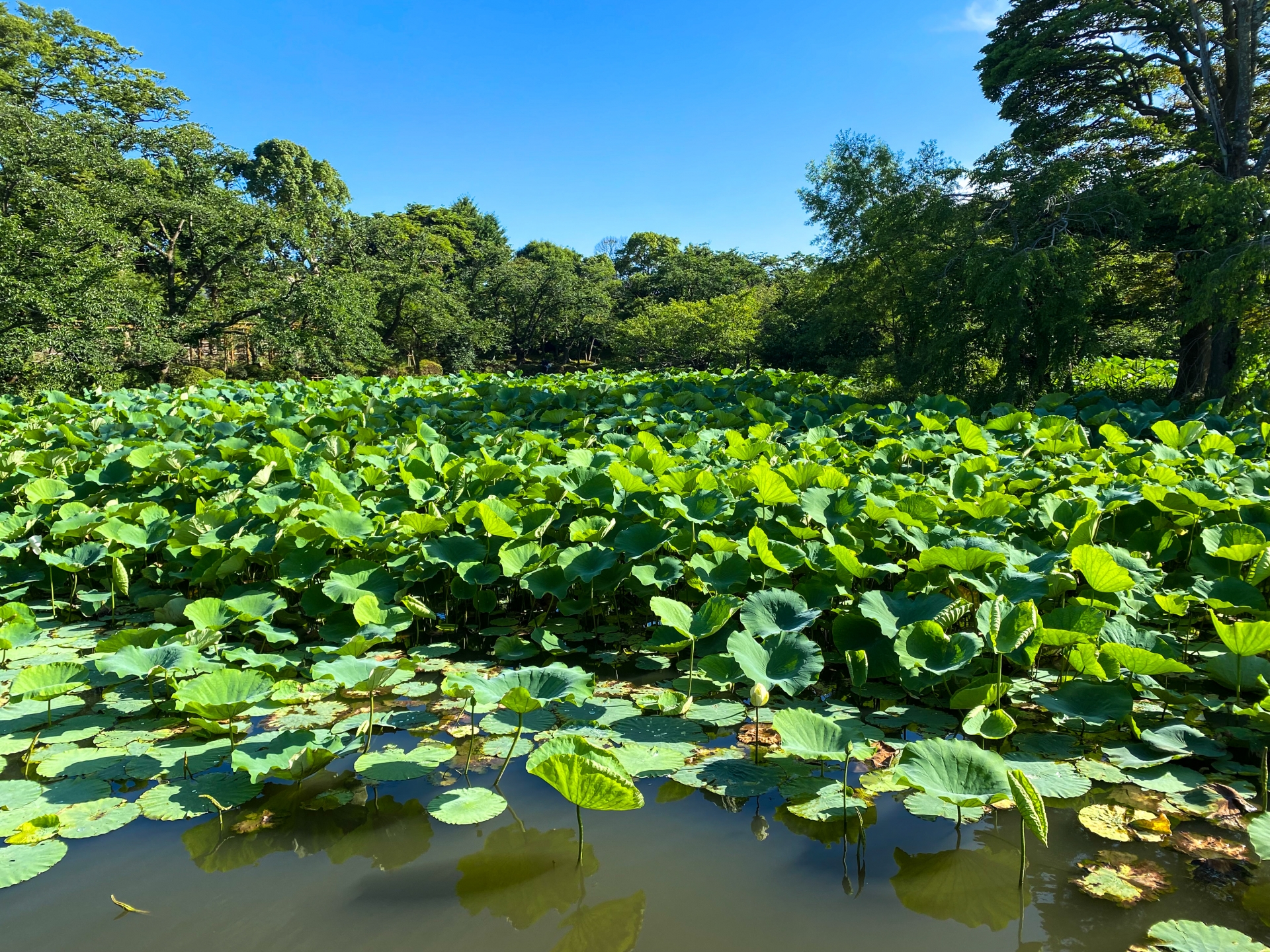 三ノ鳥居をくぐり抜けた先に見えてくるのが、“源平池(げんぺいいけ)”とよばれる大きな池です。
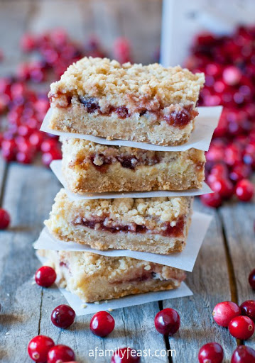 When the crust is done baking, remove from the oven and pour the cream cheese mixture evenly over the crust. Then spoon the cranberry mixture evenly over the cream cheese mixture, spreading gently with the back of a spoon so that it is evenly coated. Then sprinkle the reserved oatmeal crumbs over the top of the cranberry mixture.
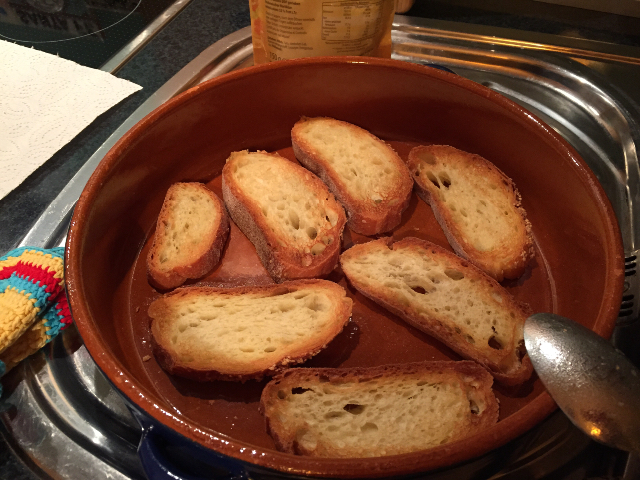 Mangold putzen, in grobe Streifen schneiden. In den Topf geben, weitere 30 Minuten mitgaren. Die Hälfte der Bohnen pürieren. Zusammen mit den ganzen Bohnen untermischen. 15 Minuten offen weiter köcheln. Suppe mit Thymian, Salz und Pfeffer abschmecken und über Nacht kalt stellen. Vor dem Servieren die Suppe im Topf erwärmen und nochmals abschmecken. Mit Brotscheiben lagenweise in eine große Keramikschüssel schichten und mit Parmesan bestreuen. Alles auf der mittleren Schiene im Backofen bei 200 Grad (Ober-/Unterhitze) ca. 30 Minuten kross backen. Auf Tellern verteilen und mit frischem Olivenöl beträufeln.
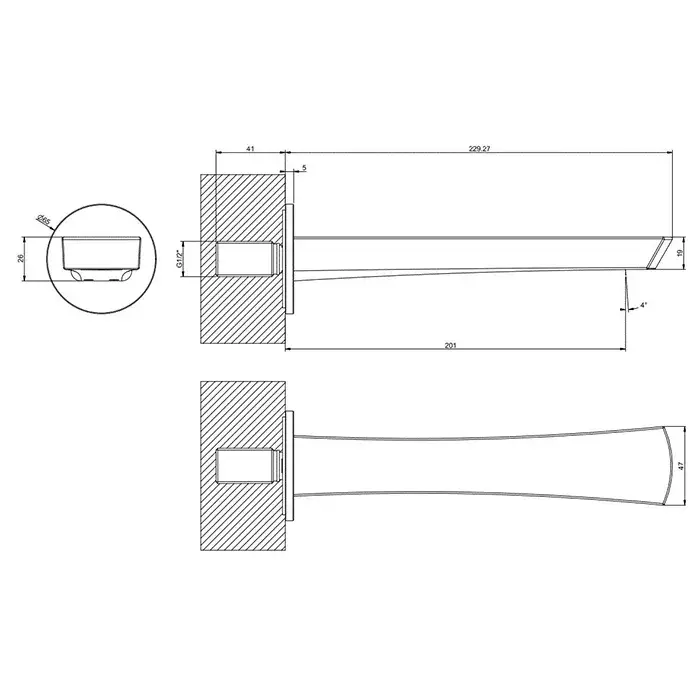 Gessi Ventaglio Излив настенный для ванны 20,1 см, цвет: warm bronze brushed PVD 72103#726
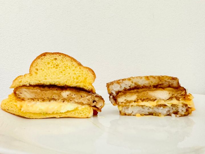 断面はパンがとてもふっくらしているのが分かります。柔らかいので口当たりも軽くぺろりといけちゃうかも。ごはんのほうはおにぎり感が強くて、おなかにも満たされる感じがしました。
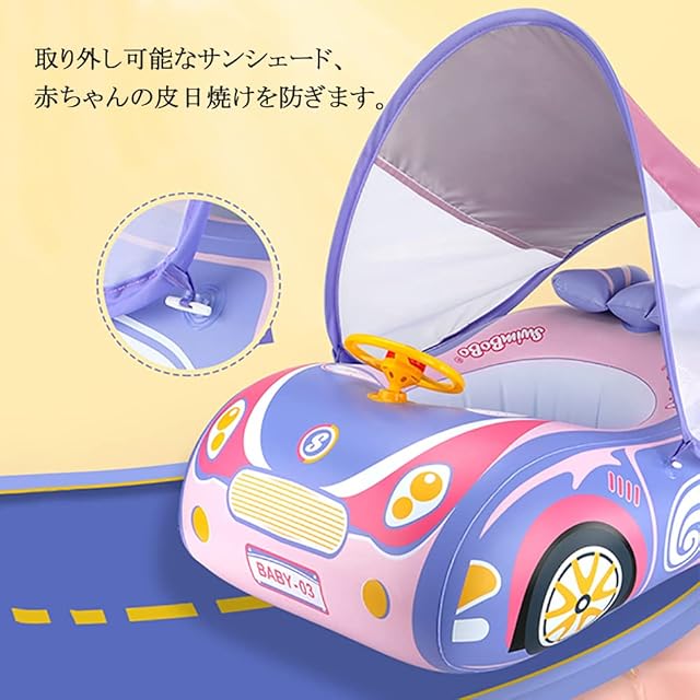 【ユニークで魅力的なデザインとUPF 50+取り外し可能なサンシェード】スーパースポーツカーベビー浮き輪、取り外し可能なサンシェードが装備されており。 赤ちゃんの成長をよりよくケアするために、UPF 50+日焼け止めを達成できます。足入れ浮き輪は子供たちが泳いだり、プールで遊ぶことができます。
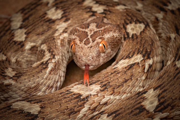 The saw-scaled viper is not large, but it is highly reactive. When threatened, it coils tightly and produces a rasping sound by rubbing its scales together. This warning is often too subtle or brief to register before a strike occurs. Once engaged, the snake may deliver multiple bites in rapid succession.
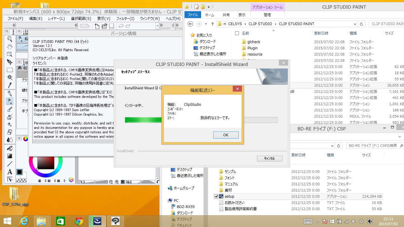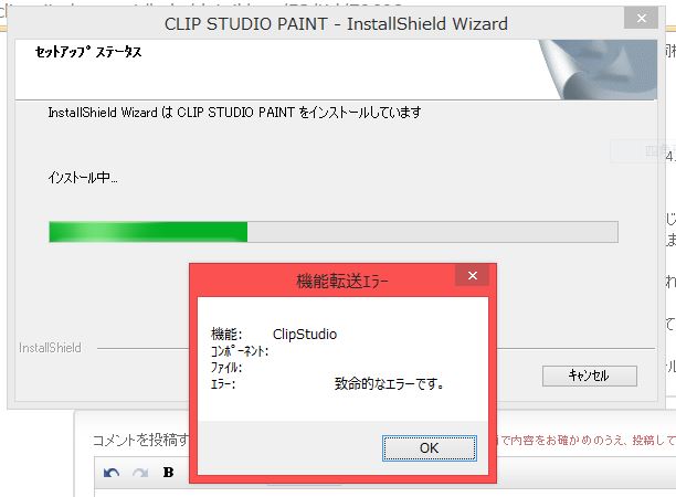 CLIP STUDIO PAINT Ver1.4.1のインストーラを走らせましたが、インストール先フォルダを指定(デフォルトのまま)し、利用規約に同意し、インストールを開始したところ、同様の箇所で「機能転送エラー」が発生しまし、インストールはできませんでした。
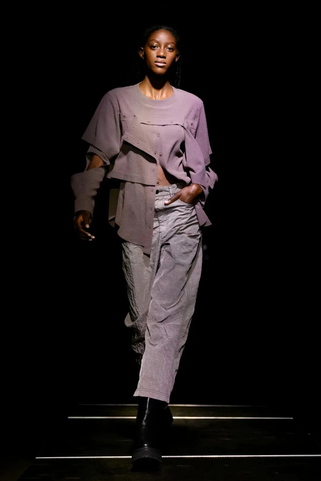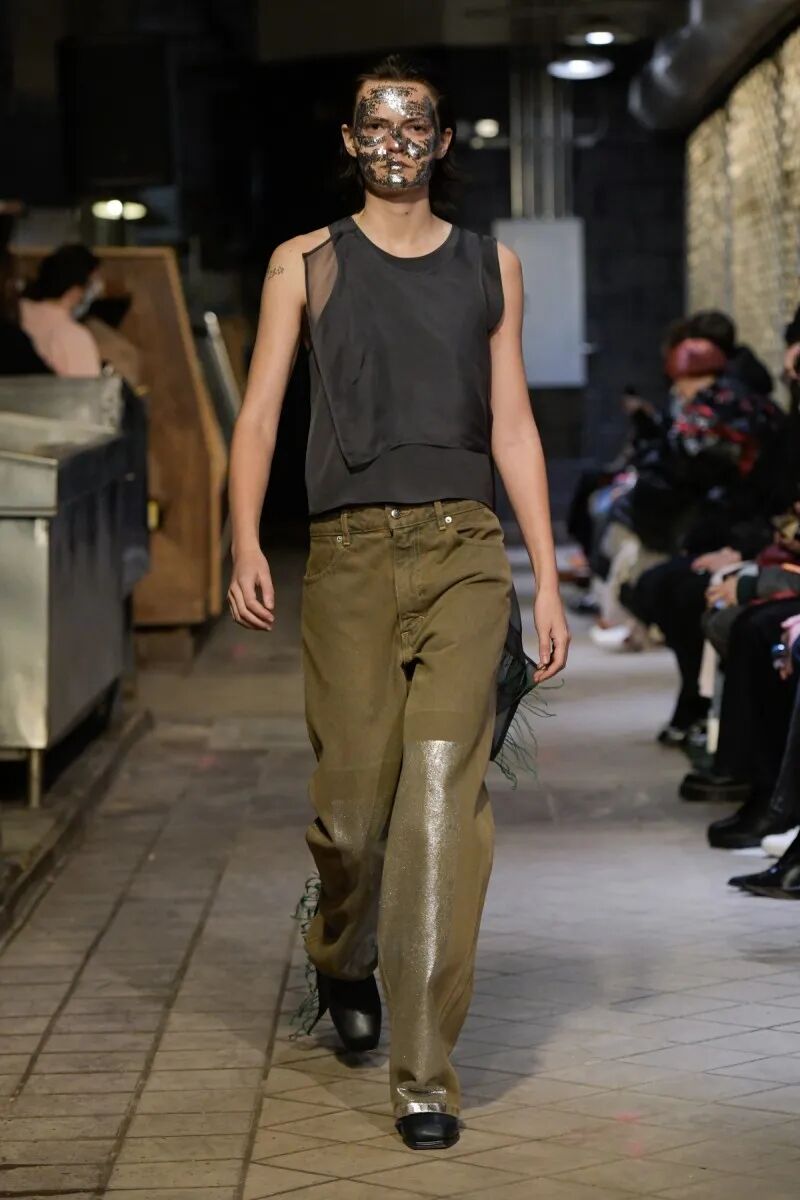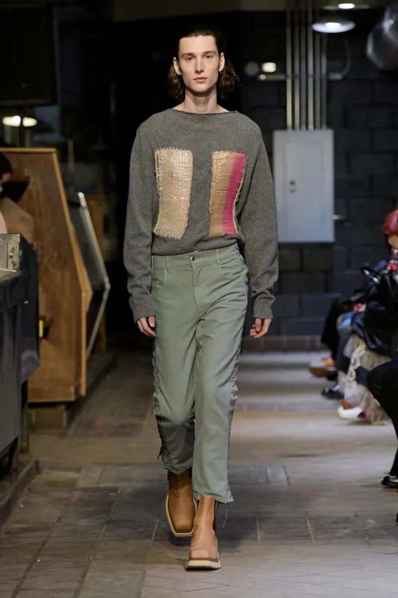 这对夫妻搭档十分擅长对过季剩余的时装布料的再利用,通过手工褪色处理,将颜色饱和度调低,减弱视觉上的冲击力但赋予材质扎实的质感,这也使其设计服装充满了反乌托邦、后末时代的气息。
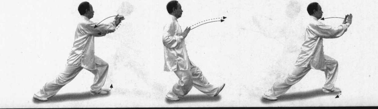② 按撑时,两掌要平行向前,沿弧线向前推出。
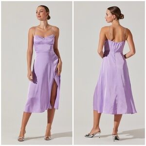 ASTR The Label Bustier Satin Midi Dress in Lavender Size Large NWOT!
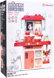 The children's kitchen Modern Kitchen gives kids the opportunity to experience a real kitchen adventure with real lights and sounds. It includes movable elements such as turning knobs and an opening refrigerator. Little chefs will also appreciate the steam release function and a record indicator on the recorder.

*****

*Work item:*
Retype the data above as given, letting no picture into the copy.

*Response to this task:*
 三ノ鳥居をくぐり抜けた先に見えてくるのが、“源平池(げんぺいいけ)”とよばれる大きな池です。
 When the crust is done baking, remove from the oven and pour the cream cheese mixture evenly over the crust. Then spoon the cranberry mixture evenly over the cream cheese mixture, spreading gently with the back of a spoon so that it is evenly coated. Then sprinkle the reserved oatmeal crumbs over the top of the cranberry mixture.
 Mangold putzen, in grobe Streifen schneiden. In den Topf geben, weitere 30 Minuten mitgaren. Die Hälfte der Bohnen pürieren. Zusammen mit den ganzen Bohnen untermischen. 15 Minuten offen weiter köcheln. Suppe mit Thymian, Salz und Pfeffer abschmecken und über Nacht kalt stellen. Vor dem Servieren die Suppe im Topf erwärmen und nochmals abschmecken. Mit Brotscheiben lagenweise in eine große Keramikschüssel schichten und mit Parmesan bestreuen. Alles auf der mittleren Schiene im Backofen bei 200 Grad (Ober-/Unterhitze) ca. 30 Minuten kross backen. Auf Tellern verteilen und mit frischem Olivenöl beträufeln.
 Gessi Ventaglio Излив настенный для ванны 20,1 см, цвет: warm bronze brushed PVD 72103#726
 断面はパンがとてもふっくらしているのが分かります。柔らかいので口当たりも軽くぺろりといけちゃうかも。ごはんのほうはおにぎり感が強くて、おなかにも満たされる感じがしました。
 【ユニークで魅力的なデザインとUPF 50+取り外し可能なサンシェード】スーパースポーツカーベビー浮き輪、取り外し可能なサンシェードが装備されており。 赤ちゃんの成長をよりよくケアするために、UPF 50+日焼け止めを達成できます。足入れ浮き輪は子供たちが泳いだり、プールで遊ぶことができます。
 The saw-scaled viper is not large, but it is highly reactive. When threatened, it coils tightly and produces a rasping sound by rubbing its scales together. This warning is often too subtle or brief to register before a strike occurs. Once engaged, the snake may deliver multiple bites in rapid succession.
 CLIP STUDIO PAINT Ver1.4.1のインストーラを走らせましたが、インストール先フォルダを指定(デフォルトのまま)し、利用規約に同意し、インストールを開始したところ、同様の箇所で「機能転送エラー」が発生しまし、インストールはできませんでした。
 这对夫妻搭档十分擅长对过季剩余的时装布料的再利用,通过手工褪色处理,将颜色饱和度调低,减弱视觉上的冲击力但赋予材质扎实的质感,这也使其设计服装充满了反乌托邦、后末时代的气息。
② 按撑时,两掌要平行向前,沿弧线向前推出。
 ASTR The Label Bustier Satin Midi Dress in Lavender Size Large NWOT!
 The children's kitchen Modern Kitchen gives kids the opportunity to experience a real kitchen adventure with real lights and sounds. It includes movable elements such as turning knobs and an opening refrigerator. Little chefs will also appreciate the steam release function and a record indicator on the recorder.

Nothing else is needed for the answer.